* **TASK BRIEF**: Set down the data again word for word. Skip any pictures.

* **SUPPLIED DATA**:
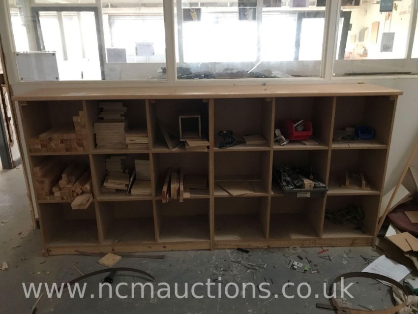 Wooden work table and storage units to include contents (located on 1st floor in the Builders Block)
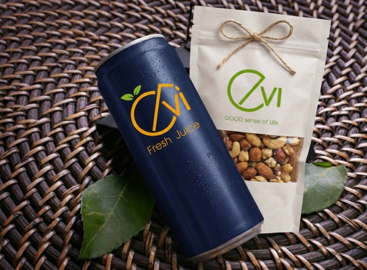 فرم دایرهای لوگو، در کنار تایپوگرافی نام EVI، حس طبیعی و ارگانیک را القا میکند و برای برندهایی در حوزه آجیل، نوشیدنیهای خنک و محصولات سالم انتخابی کاملاً مناسب است.
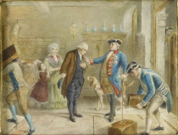 Мориц Оппенгейм. Визит курфюрста Вильгельма к Майеру Ротшильду для передачи ценностей на хранение (картина написана в период между 1820 и 1850 гг. по заказу итальянской ветви наследников Ротшильда).

* **SOLUTION TO THIS EXERCISE**:
 Wooden work table and storage units to include contents (located on 1st floor in the Builders Block)
 فرم دایرهای لوگو، در کنار تایپوگرافی نام EVI، حس طبیعی و ارگانیک را القا میکند و برای برندهایی در حوزه آجیل، نوشیدنیهای خنک و محصولات سالم انتخابی کاملاً مناسب است.
 Мориц Оппенгейм. Визит курфюрста Вильгельма к Майеру Ротшильду для передачи ценностей на хранение (картина написана в период между 1820 и 1850 гг. по заказу итальянской ветви наследников Ротшильда).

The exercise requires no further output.